金沢歌劇座の開館60周年記念オペラ「滝の白糸」セレクション(北國新聞社特別協力)は23日、同歌劇座で上演された。文豪泉鏡花の名作を、新演出を加えた壮大なスケールで表現。水芸の太夫・滝の白糸と法律家を目指す青年・村越欣弥の純愛を描いた幻想世界が、満場の観客を魅了した。
オペラは、北陸を舞台にした泉鏡花の小説「義血侠血(ぎけつきょうけつ)」が原作。白糸をソプラノ歌手の腰越満美さん、欣弥をテノールの金山京介さんが演じ、金沢市出身の俳優、田中美里さんが語りを務めた。
指揮者の辻博之さん率いるオーケストラ・アンサンブル金沢(OEK)の優美な演奏と金沢オペラ合唱団の透き通った歌声が舞台を支えた。
高岡で出会った白糸と欣弥は、月夜に金沢の浅野川の天神橋で再会する。白糸は純真な恋心を歌い上げ、欣弥も募る思いを詩情的に歌声で表した。大罪を犯した白糸が、出世して検事代理となった欣弥に罪を問われる場面では、メゾソプラノの秋本悠希さんが涙ながらに白糸へ感謝を伝える欣弥の母を熱演。監獄でひとときの逢瀬(おうせ)を果たした白糸と欣弥は「あなたなしには生きられぬ」と歌声を重ね、永遠の愛を誓い合った。
田中さんは、場面が切り替わるごとに各シーンの説明をし、情感豊かな抑揚のきいた語りで出演者の細やかな心情を伝えた。

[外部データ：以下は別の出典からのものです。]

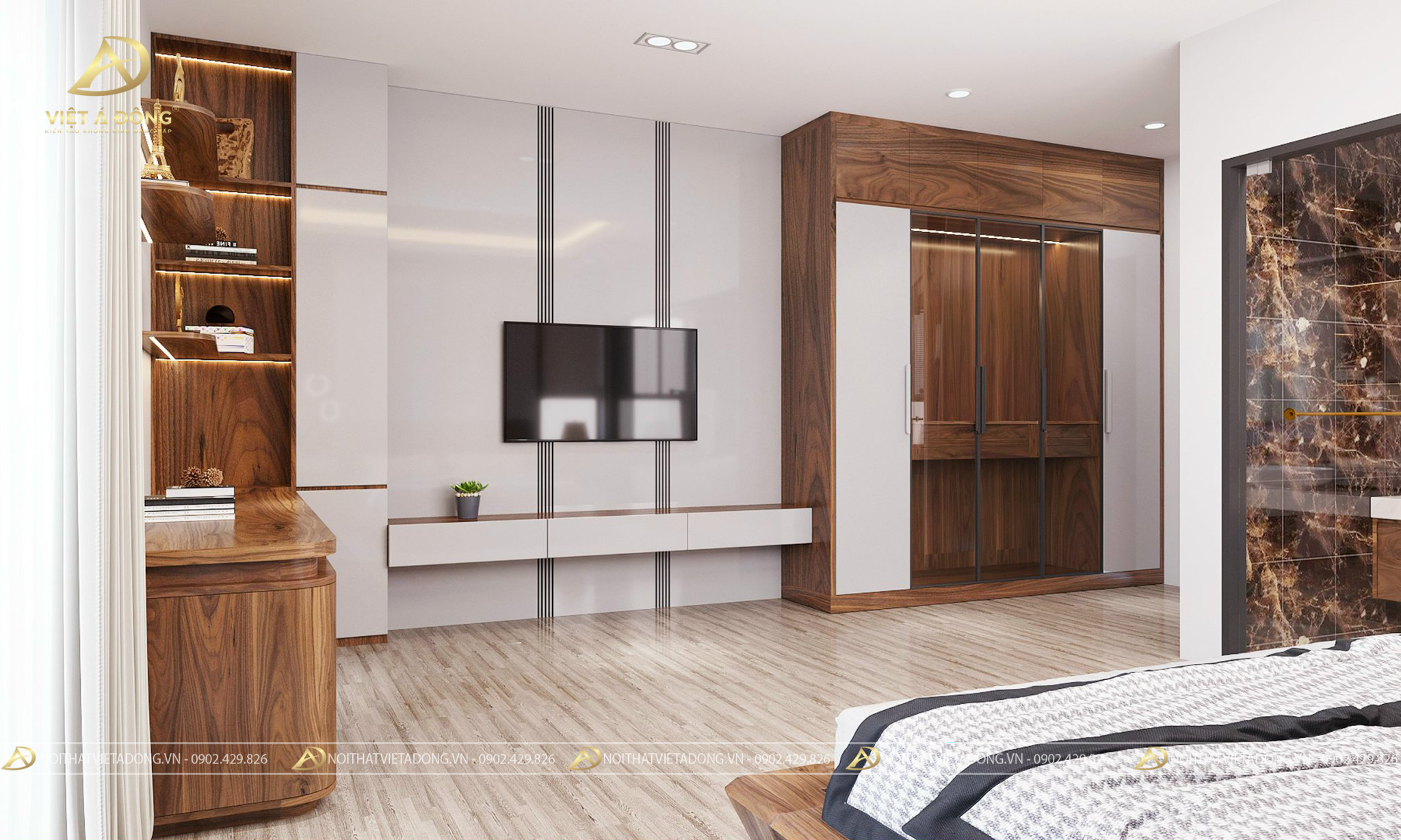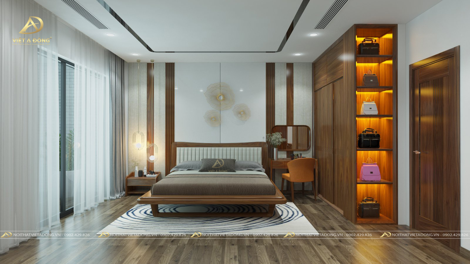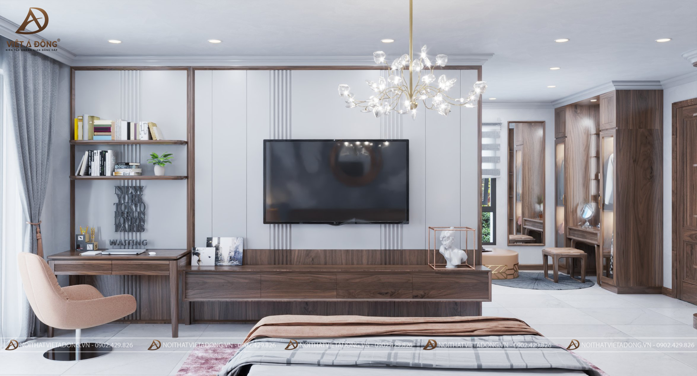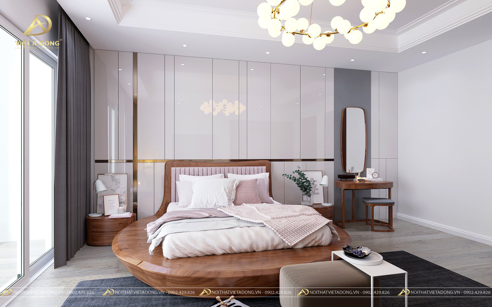 Phòng ngủ master là không gian phòng ngủ chính trong ngôi nhà. Được ưu tiền về vị trí view đẹp và diện tích rộng hơn các phòng khác. Nội thất phòng ngủ master được thiết kế đầy đủ công năng, tiện ích cũng như thẩm mỹ. Mời quý vị cùng tham khảo mẫu phòng ngủ master mà Việt Á Đông thiết kế
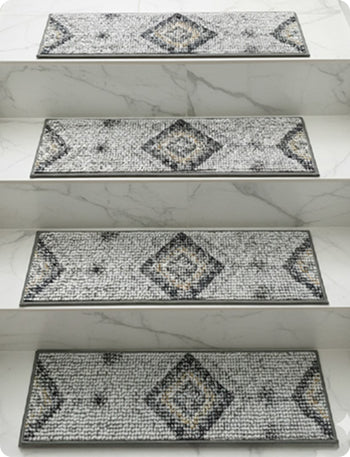 Muddy Mat® Soft Chenille Stair Treads Non-Slip Reusable, Super Absorbent Stair Treads for Wooden Steps, Tile & Marble Floor, Easy to Install & Machine Washable - Diamond 30'' x 7''

最終幕では、田中さん自身が水の神・瀬織津(せおりつ)姫として登場する新しい演出がなされた。田中さんは白糸を黄泉(よみ)の国へといざない、はかなく胸打つラストが観客の涙を誘った。終幕後は盛大な拍手で包まれた。
上演に先立ち、田中さんとオペラを作曲した千住明さん、滝の白糸のカバーを務めたソプラノ歌手の木村綾子さんが見どころを語った。オペラは泉鏡花フェスティバル関連事業として開かれた。